**REQUIRED ACTION**
Please output the line containing "Ladies High Waist" and all lines that follow it in the data below, exactly, with no pictures.
(DATA PROVIDED begins)
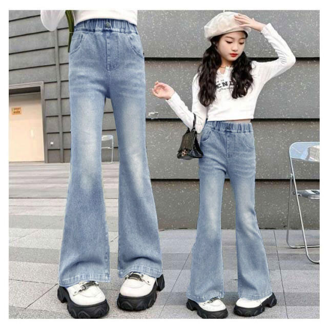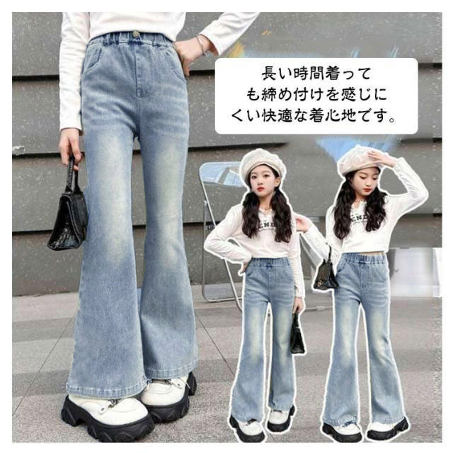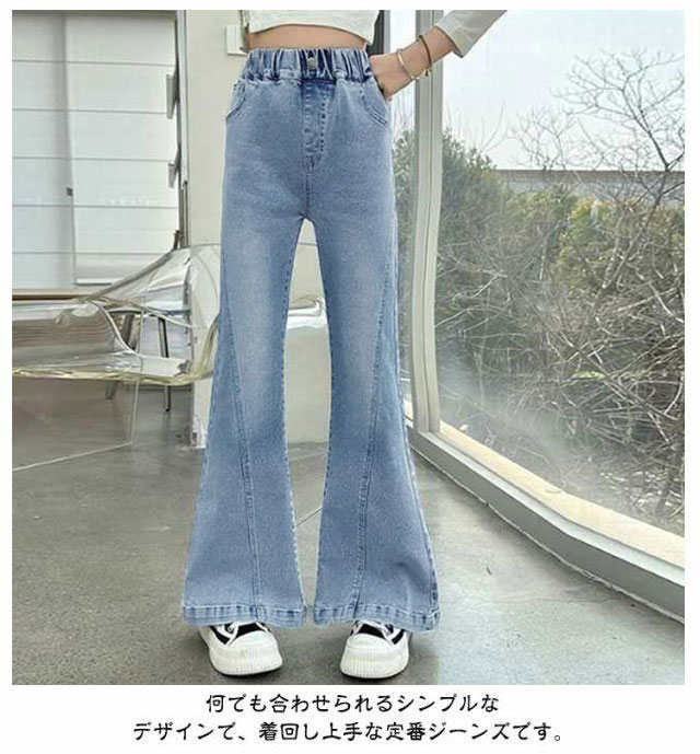 送料無料 子供 デニムパンツ キッズ ジーンズ フレアパンツ ジュニア 服 女の子 ジーパン ウエストゴム ロングパンツ 小学生 中学生 春服 秋服 韓国 ファッション ダンス 衣装 長ズボン ボトムス おしゃれ ブーツカット 120 130 140 150 160 170cm
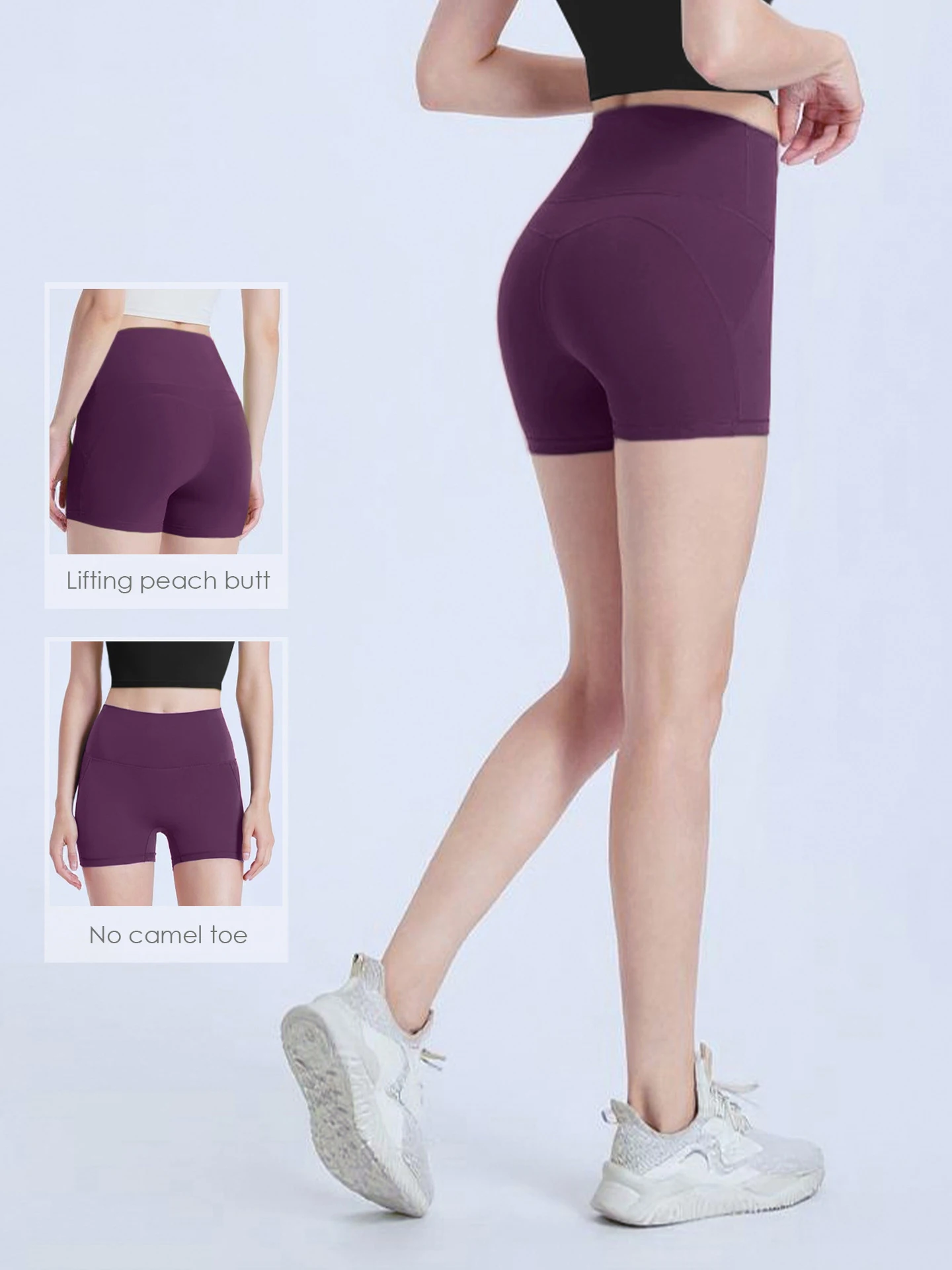 Ladies High Waist Workout Yoga Shorts Fashionable No Camel Toe Sport Fitness Gym Biker Shorts with Elastic Waist Solid Pattern
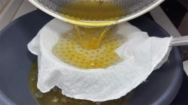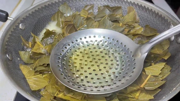 7、时间到后,枇杷叶已经变黄,汁水的颜色越浓越好,再将叶子捞出来,把煮出来的汁水过滤一遍,去掉里面的杂质。
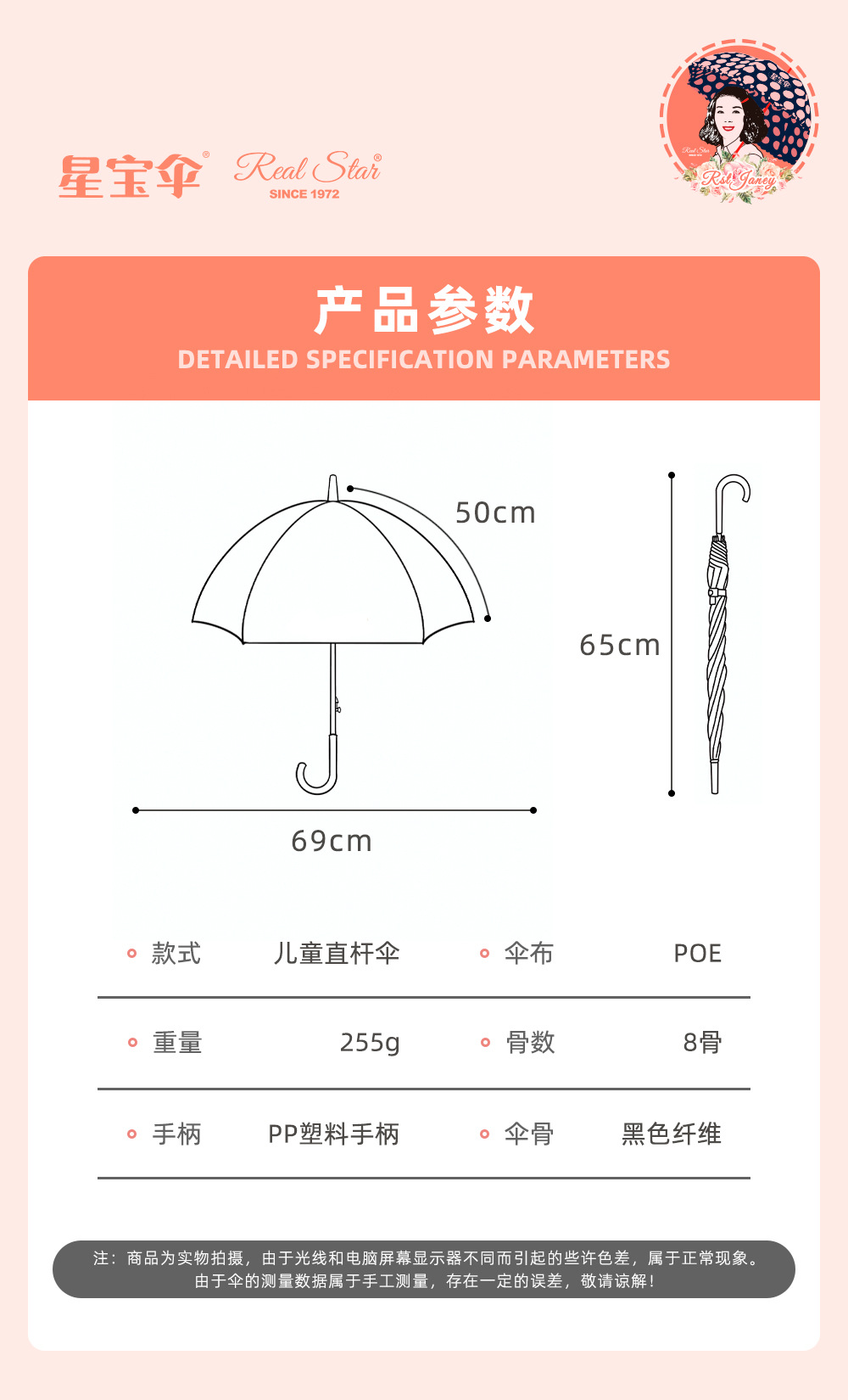 • 우산 표면의 호 직경은 약 100cm입니다. *우산 아래 직경은 약 70cm입니다. *원 버튼 열기 *1인에게 적합합니다.
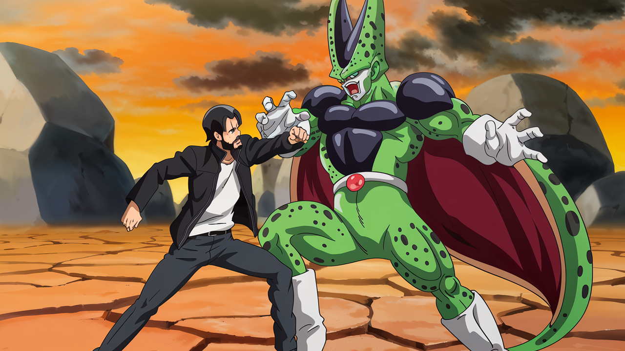 Después de haber entrenado con Goku ¿qué mejor prueba de fuego que enfrentarse a los villanos de Dragon Ball? Lo más impresionante es que John Wick parece estar peleando sin una sola arma contra la Forma Perfecta de Cell.
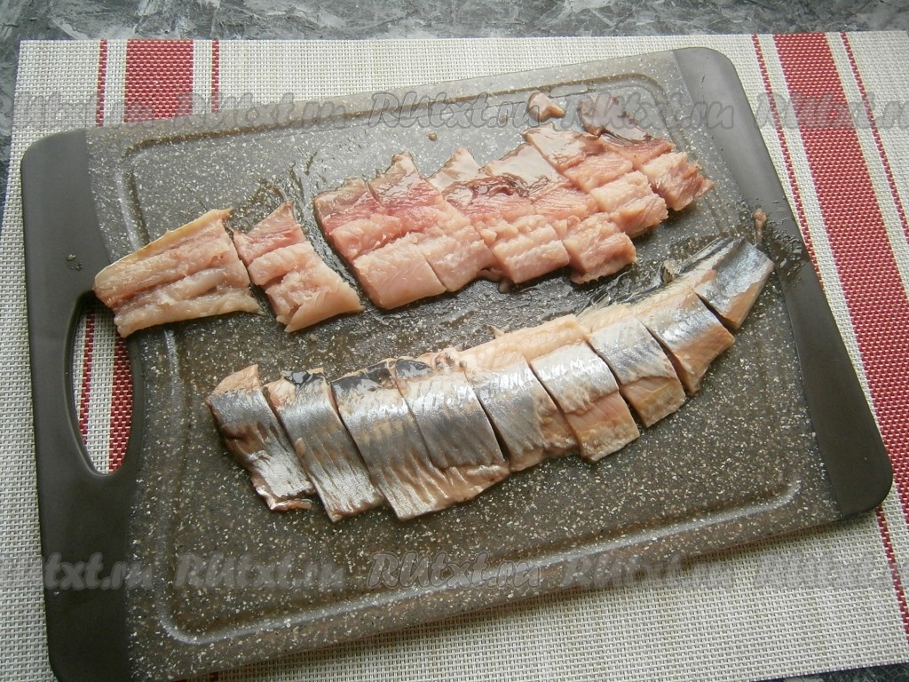Нарезать филе сельди на порционные кусочки.
(DATA PROVIDED ends)
**EXERCISE ANSWER**
 Ladies High Waist Workout Yoga Shorts Fashionable No Camel Toe Sport Fitness Gym Biker Shorts with Elastic Waist Solid Pattern
 7、时间到后,枇杷叶已经变黄,汁水的颜色越浓越好,再将叶子捞出来,把煮出来的汁水过滤一遍,去掉里面的杂质。
 • 우산 표면의 호 직경은 약 100cm입니다. *우산 아래 직경은 약 70cm입니다. *원 버튼 열기 *1인에게 적합합니다.
 Después de haber entrenado con Goku ¿qué mejor prueba de fuego que enfrentarse a los villanos de Dragon Ball? Lo más impresionante es que John Wick parece estar peleando sin una sola arma contra la Forma Perfecta de Cell.
Нарезать филе сельди на порционные кусочки.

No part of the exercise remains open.